I have created a medical claims database using PostgreSQL 9.4.1 and pgAdmin III. There is one table with ~61 million rows and 103 columns. The table has the structure given below. It is static and will not be updated. (Most columns are omitted here to save space.)
CREATE TABLE claims ( spending double precision, releaseid bigint NOT NULL, priceinclude bytea, costsharing double precision, hcciprofode bytea, memberlinkeid bigint, age integer, orgid integer, gender character(1), membercity character varying(22), memberstate character(2), zip character varying(5), principaldiagnosis character varying(6), CONSTRAINT claims_pkid PRIMARY KEY (releaseid) ) WITH ( OIDS=FALSE ); Indexes: "claims_pkid" PRIMARY KEY, btree (releaseid) "claims_age_idx" btree (age) "claims_memberlinkeid_idx" btree (memberlinkeid) "claims_principaldiagnosis_idx" btree (principaldiagnosis) "claims_serviceprovider_idx" btree (serviceprovider) "claims_zip_idx" btree (zip)
The indexes shown above are the only ones I've added so far. I am running the database using Windows 7 with the following hardware:
- 64-bit Windows 7
- 32.0 GB RAM
- Intel Core i7-4770 CPU @ 3.40 GHz
My main question involves what I can do to improve query speed without buying a dedicated server. I am trying to demonstrate a proof-of-concept to my supervisors to show them that SQL would be faster than the statistical package the currently use, STATA. I have optimized the default settings of PostgreSQL as follows:
shared_buffers=8GB effective_cache_size=24GB work_mem=1GB maintenance_work_mem=1GB checkpoint_segments=128 checkpoint_completion=0.9 wal_buffers=-1 default_stat_target=500
However, the queries are still slow. For example, the following query
EXPLAIN ANALYZE VERBOSE SELECT * FROM claims WHERE gender='F' AND age BETWEEN 16 AND 20 LIMIT 100000;
Limit (cost=0.00..226622.43 rows=100000 width=427) (actual time=0.029..9509.028 rows=100000 loops=1) Output: spending, releaseid, priceinclude, costsharing, hcciprofcode, htype, hcciotpcode, drgmpr, medsurg, typecode, claimcat, memberlinkeid, age, orgid, insurancetype, gender, membercity, memberstate, zip, admissiondate, serviceprovider, servicenpi, ser (...)" -> Seq Scan on public.claims (cost=0.00..4778859.76 rows=2108732 width=427) (actual time=0.028..9497.420 rows=100000 loops=1)" Output: spending, releaseid, priceinclude, costsharing, hcciprofcode, htype, hcciotpcode, drgmpr, medsurg, typecode, claimcat, memberlinkeid, age, orgid, insurancetype, gender, membercity, memberstate, zip, admissiondate, serviceprovider, servicenp (...)" Filter: ((claims.age >= 16) AND (claims.age <= 20) AND (claims.gender = 'F'::bpchar))" "Rows Removed by Filter: 3194024" "Planning time: 0.190 ms" "Execution time: 9519.455 ms"

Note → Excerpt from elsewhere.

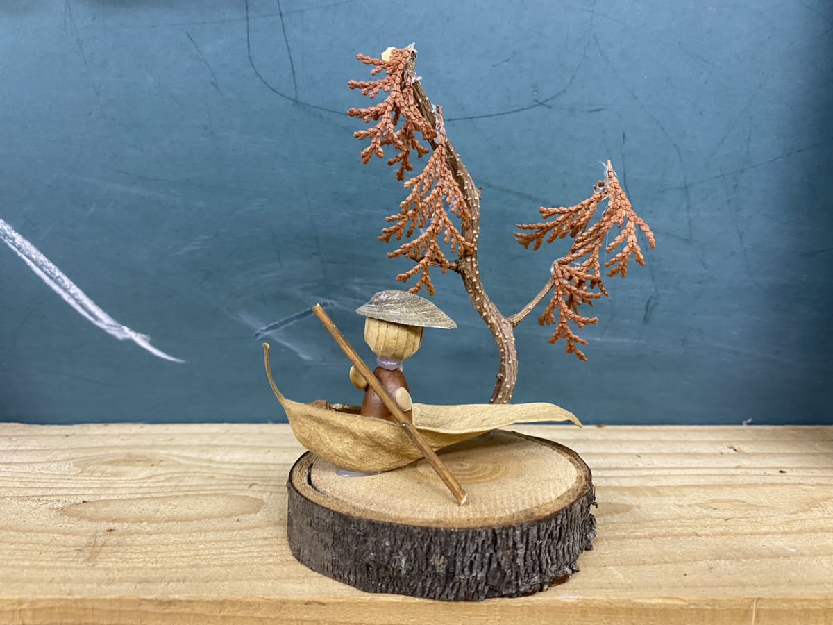柳川の川下りをイメージ!船の部分はアオギリの実を使っています

Should I be creating a new view or a smaller table to access frequently used columns? I have never created a database this large so I am quite perplexed as to what to do!
UPDATE: My goal is to be able to query this database in a reasonable amount of time for exploratory data analysis. 15 seconds for queries is reasonable; 5 minutes for queries on the whole table is not. I am not sure how best to deal with this large table in order to achieve that goal, which is what I would like help with. (Apologies if this is a little vague.)